Z którym klubem wiążą się twoje najlepsze wspomnienia?
- Na pewno z Hornetsami i to zarówno w wydaniu Charlotte, jak i New Orleans. Pamiętam jaki byłem szczęśliwy, gdy "Szerszenie" wybrały mnie w drafcie w roku 1999. Długo czekałem, aż komisarz wyczyta moje nazwisko, ale ostatecznie usłyszałem je przy numerze 43. Do tej pory noszę klub Hornets głęboko w sercu. Przed draftem spotykałem się z menedżerami czy przedstawicielami wielu drużyn, ale gdy przyszło co, do czego, praktycznie wszyscy pomijali mnie w swoich wyborach. Dopiero Charlotte zdecydowali się postawić mnie, a następnie dali mi szansę gry w lidze i za to zawsze będę im wdzięczny. Z innymi zespołami również wiążą mnie miłe wspomnienia, ale Charlotte to zawsze będzie Charlotte.
Wielu zawodników NBA czas pomiędzy meczami poświęca na gry komputerowe, w tym także na symulację koszykówki rodem z parkietów ligi amerykańskiej. Grałeś kiedykolwiek sobą w barwach Charlotte lub innego zespołu?
- Haha! Dobre pytanie! Oczywiście, że kiedyś spróbowałem (śmiech). Ale bez przesady, symulacja to jedno, a prawdziwa koszykówka to zupełnie co innego i zawsze wolałem jednak tą drugą opcję. A czemu pytasz? Ty grałeś mną (śmiech)?
Zgadza się. Gdy byłem młodszy, kibicowałem drużynie, której barwy reprezentowałeś i gdy grałem w symulację koszykówki, najczęściej sięgałem po ekipę Hornets...
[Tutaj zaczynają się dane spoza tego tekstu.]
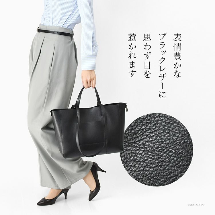 4. レザー トートバッグ レディース ダブルハンドル 軽量 a4 大きい おしゃれ マーロンフィレンツェ ブラック イタリア製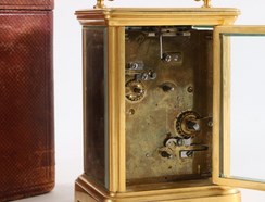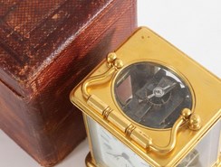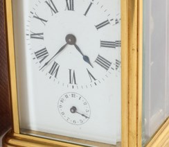 231262 - Каретные часы, высота по верхнюю панель12,4 см, высота по верх поднятой ручки 16,5 см, длина 8,8 см, ширина 7,8 см. Ключ, чехол. |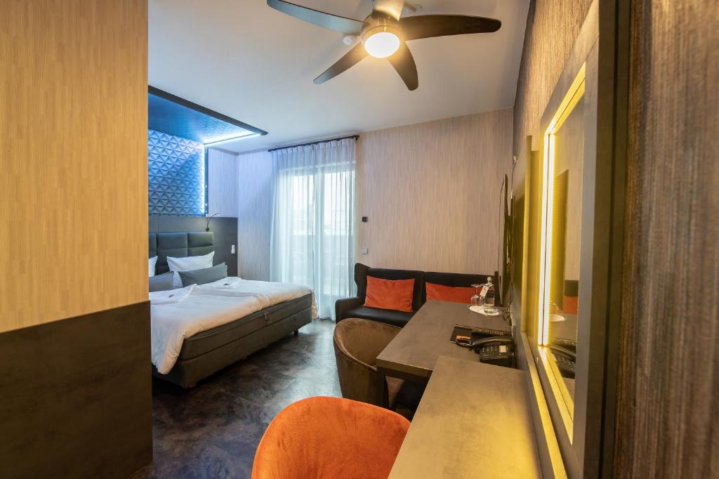 GS Hotel, Münih'te konaklayan misafirlerine konforlu ve pratik bir konaklama deneyimi sunuyor. Odalarda her detay, misafirlerin rahatını ön planda tutacak şekilde tasarlanmıştır. Modern dekorasyonun yanı sıra, odalarda bulunan saç kurutma makinesi, misafirlerin günlük ihtiyaçlarını rahatlıkla karşılamalarına olanak tanır. Ayrıca, kablo ve uydu televizyonu ile günün her saatinde eğlenceli içeriklere ulaşmak mümkün.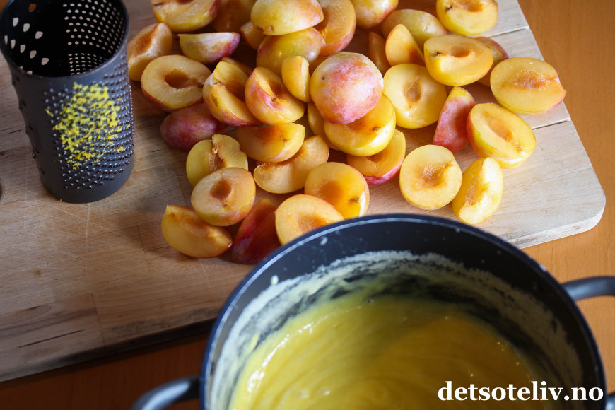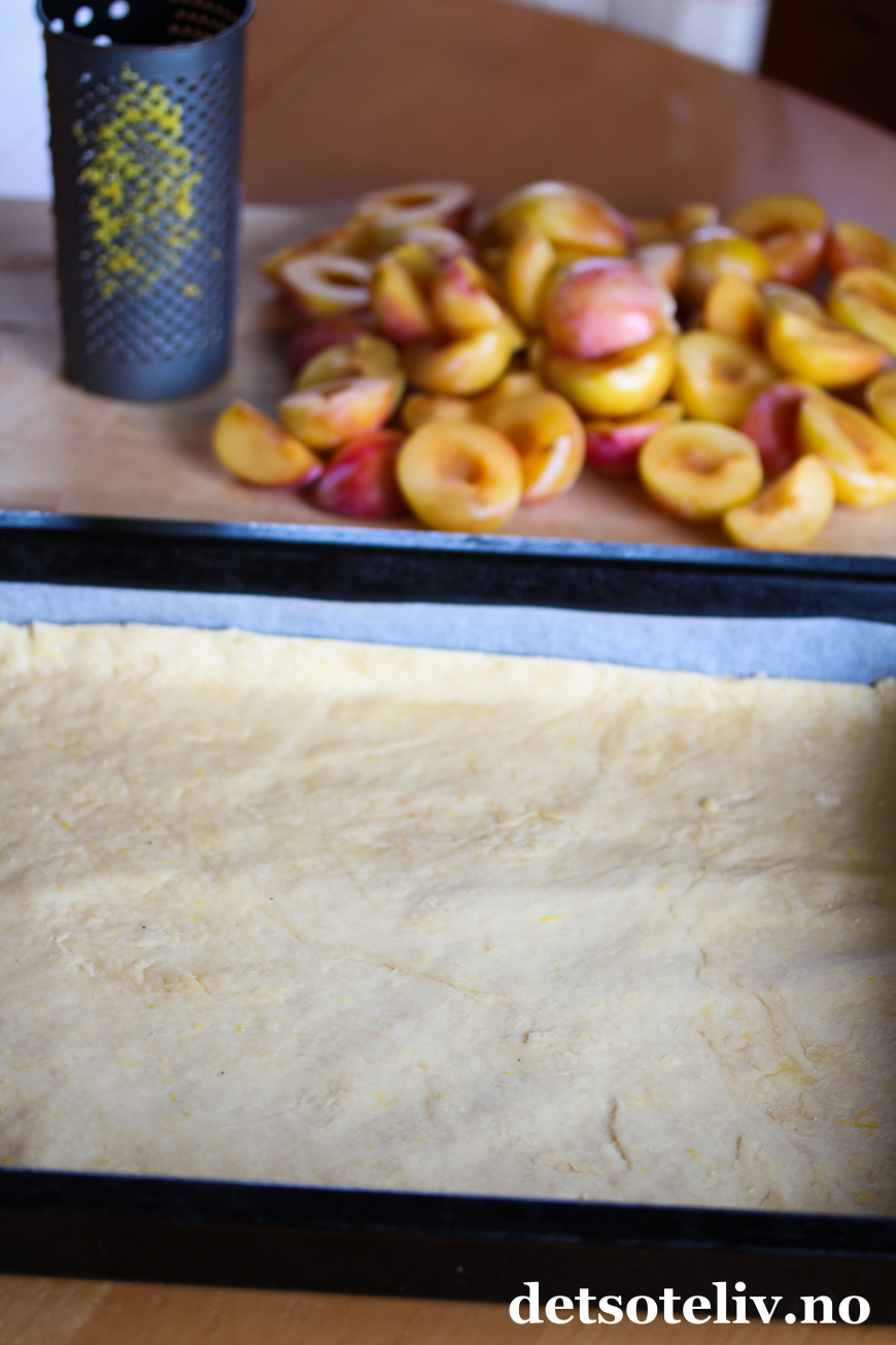 Hjemmelaget vaniljekrem, saftige plommer og revet sitronskall er med på å gi deilig smak på denne kaken!

- Ale numer! To tym milej cię poznać (śmiech)
Mnie również jest miło. Ale jeśli pozwolisz, mam jeszcze kilka pytań. Na przykład odnośnie tego, jak postrzegasz koszykówkę europejską, izraelską na tle NBA? Czy te dwa światy mogą być w ogóle ze sobą porównywalne?
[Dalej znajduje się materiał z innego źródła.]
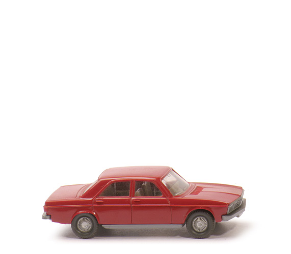 Farbe Karosserie | rubinrot | Grill | Teil des Chassis | Verglasung | klar | Inneneinrichtung | ca. graubeige | Lenkrad | integriert | Chassis | silbern | Bodenprägung | Audi 100 - WIKING Germany | Bemalung | völlig ohne | Räder | Standard-Riffelkappe | Bemalung Radkappen | silbern |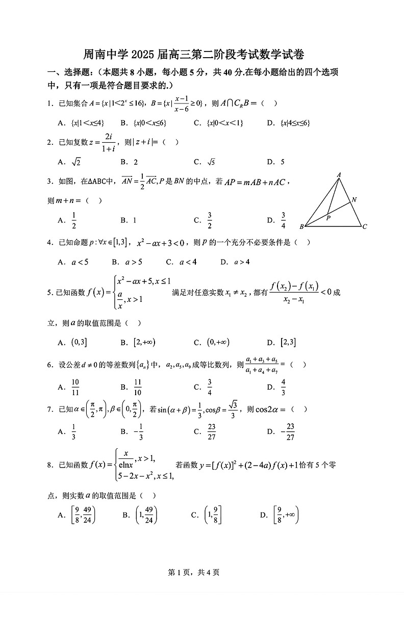 湖南省长沙市周南中学2025届高三上学期第二阶段考试 数学
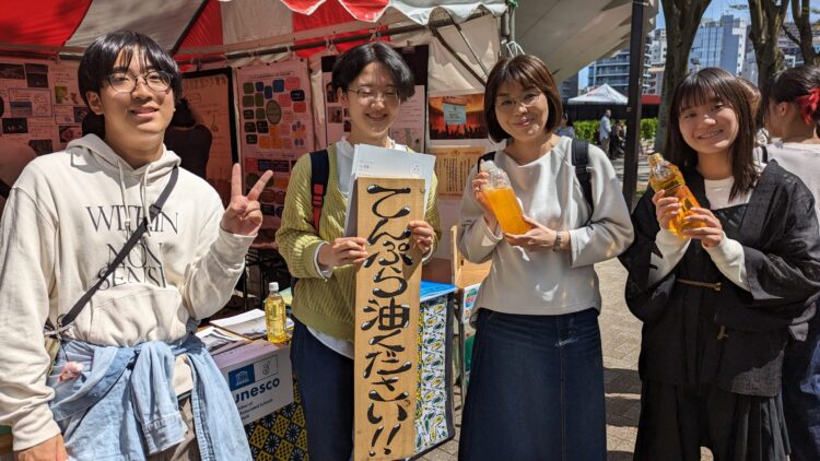 同校では日頃より、学校内外から廃食油を回収してワーカーズコープ・あぐりーんの協力のもとバイオディーゼル燃料(BDF)に精製し、体育祭や文化祭の発電、送迎バスの燃料として活用しています。アースデイ東京2025」では会場発電にこのBDFを使用すること等で昨年度比62.5%の化石(ガソリン)燃料発電機利用削減につながりました。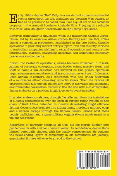 Early 1990s, James 'Ned' Kelly, is a survivor of numerous colourful events throughout his life, including the Vietnam War. James, or Ned as he prefers to be called, now lives a quiet life on his secluded property in the tranquil Southern Adelaide Hills. Enjoying this solitude with wife Carla, daughter Katerina and faithful stray dog Goliath. However, tranquillity is challenged when the mysterious Castelle Corporation, led by an assertive Alison Jordon Renfrey (call me RJ), offers James a compelling proposition. Established in the late 1950s, Castelle specialises in providing market entry support, risk and security services to Australian companies wishing to expand operations and venture into international markets, navigating uncertain and sometimes politically precarious environments. Drawn into Castelle's operations, James becomes immersed in investigations of corporate corruption, cross-border crime, massive fraud and theft to name a few activities he's involved in. One pivotal operation requires an assessment of an oil and gas construction venture in Indonesia. Upon arrival in-country, he's confronted with the brutal aftermath of a murderous ethnic cleansing terrorist attack. Then the remote oil operation itself also unveils immensely corrupt activities and significant environmental devastation. Forced to flee the site with a co-conspirator, James embarks on a perilous jungle journey to eventual safety. In a later endeavour, James, through Castelle, monitors the installation of a highly sophisticated over-the-horizon surface radar system off the coast of West Africa, intended to monitor devastating illegal off shore fi shing. Occurrences escalate into kidnappings, murder, a military coup and a narrow escape through the Sahara Desert. James' next faces people trafficking and a para-military organisation's involvement in a violent sea rescue. Regardless of narrowly escaping all this, his life spirals further into pandemonium with a violent home invasion. In self-defence, James finds himself potentially charged with the deadly consequences. He ponders the never-ending layers of complexity in his tumultuous life journey, questioning if there will ever be an end to the turmoil.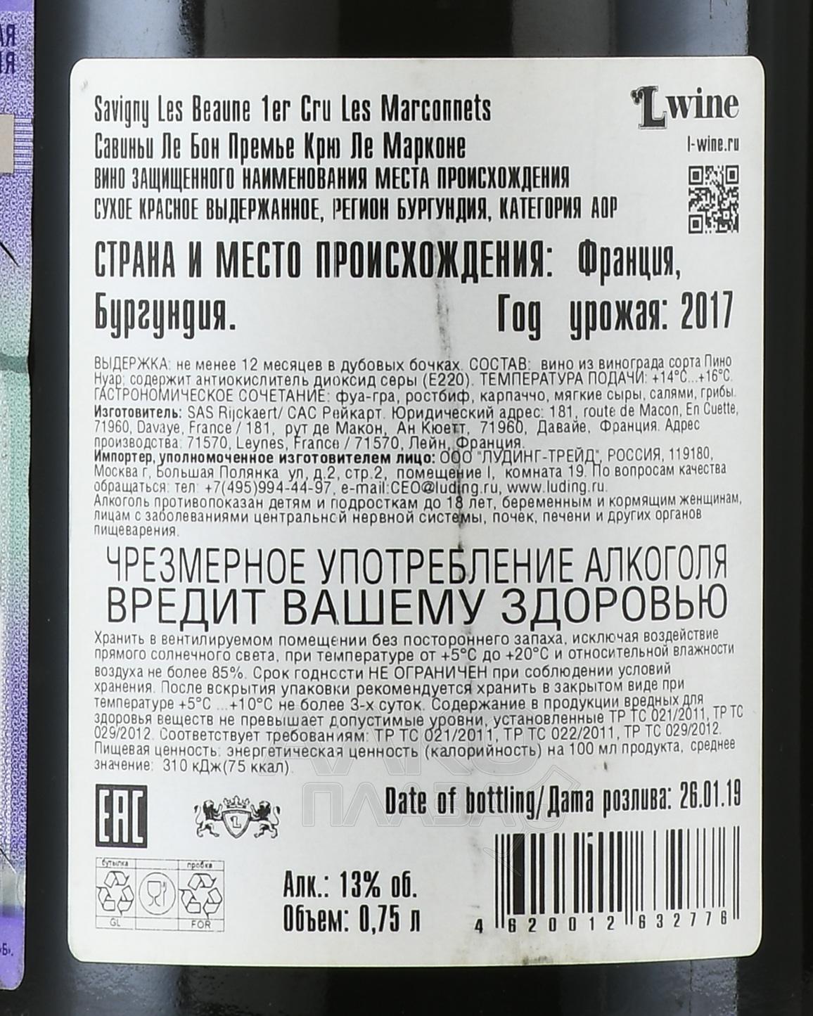 Domaine Rijckaert Savigny les Beaune Cru Les Marconnets - вино Савиньи Ле Бон Премье Крю Ле Марконе Рейкарт 0.75 л красное сухое
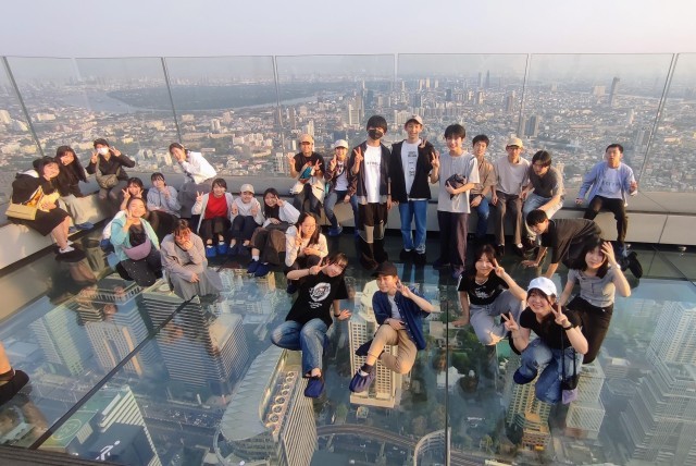 夕方からはマハナコン最上階の展望台に向かい、バンコク市内の景色を眺望しました。マハナコンの展望台は高さが314メートルのバンコクで一番高い高層ビルで、展望台から突き出たスカイフォークは、世界最大のガラスの床となっています。最初は恐る恐る歩いていた生徒たちも、すぐに笑顔で足下の景色を楽しんでいました。360度パノラマでバンコクの街を見下ろし、日が暮れていく様子を眺めました。

- I tak i nie, i tak i nie... Koszykówka to koszykówka i wszędzie na świecie zasady są te same. Ale na tym jednak podobieństwa się kończą, bo NBA to jednak zupełnie inny poziom, inni zawodnicy, inni trenerzy, inne hale, inne zaplecze, inne przygotowanie do sezonu, inna taktyka i tak dalej. Poza tym NBA to wielkie pieniądze i to widać na każdym kroku. NBA to też biznes, który ma swoich bogów, czyli największe gwiazdy. Poza tym, moim zdaniem, fani są zdecydowanie bliżej gry i są bardziej zaangażowani w życie klubów.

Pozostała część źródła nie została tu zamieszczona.